§ Information supplied:
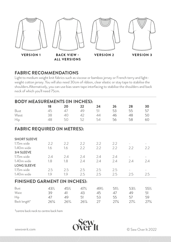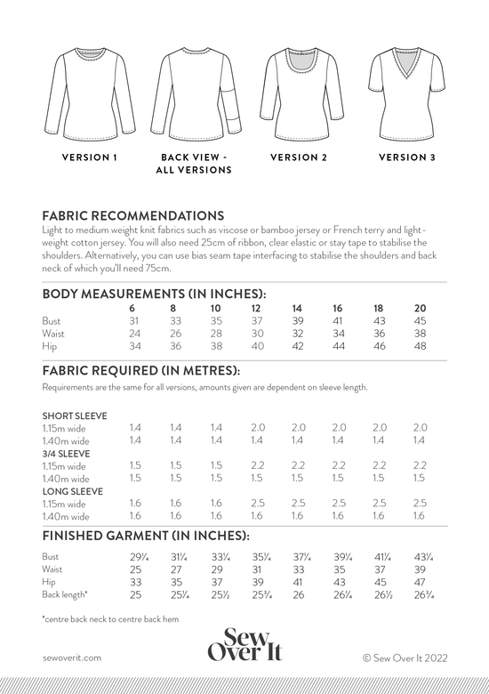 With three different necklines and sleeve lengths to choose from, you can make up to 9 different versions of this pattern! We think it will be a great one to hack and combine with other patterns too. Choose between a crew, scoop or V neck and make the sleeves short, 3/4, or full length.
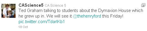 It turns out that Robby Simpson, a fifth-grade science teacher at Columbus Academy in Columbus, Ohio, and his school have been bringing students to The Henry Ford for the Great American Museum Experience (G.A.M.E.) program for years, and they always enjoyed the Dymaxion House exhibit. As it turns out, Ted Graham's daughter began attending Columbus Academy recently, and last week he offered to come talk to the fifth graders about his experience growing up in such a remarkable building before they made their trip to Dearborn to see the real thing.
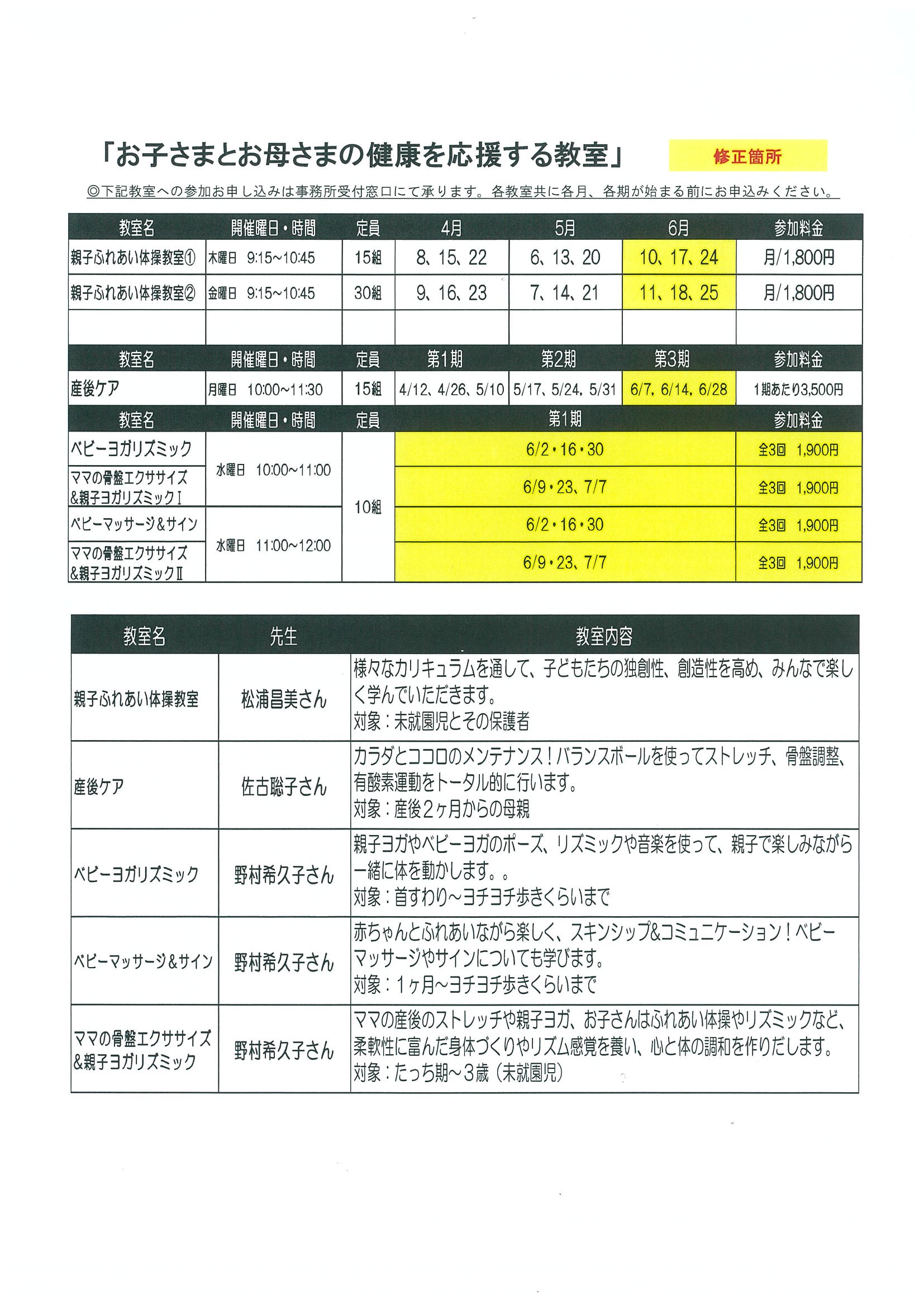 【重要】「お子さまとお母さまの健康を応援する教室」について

§ Problem statement: Line by line, output the material above exactly, passing over the pictures.

§ Reply to the task:
 With three different necklines and sleeve lengths to choose from, you can make up to 9 different versions of this pattern! We think it will be a great one to hack and combine with other patterns too. Choose between a crew, scoop or V neck and make the sleeves short, 3/4, or full length.
 It turns out that Robby Simpson, a fifth-grade science teacher at Columbus Academy in Columbus, Ohio, and his school have been bringing students to The Henry Ford for the Great American Museum Experience (G.A.M.E.) program for years, and they always enjoyed the Dymaxion House exhibit. As it turns out, Ted Graham's daughter began attending Columbus Academy recently, and last week he offered to come talk to the fifth graders about his experience growing up in such a remarkable building before they made their trip to Dearborn to see the real thing.
 【重要】「お子さまとお母さまの健康を応援する教室」について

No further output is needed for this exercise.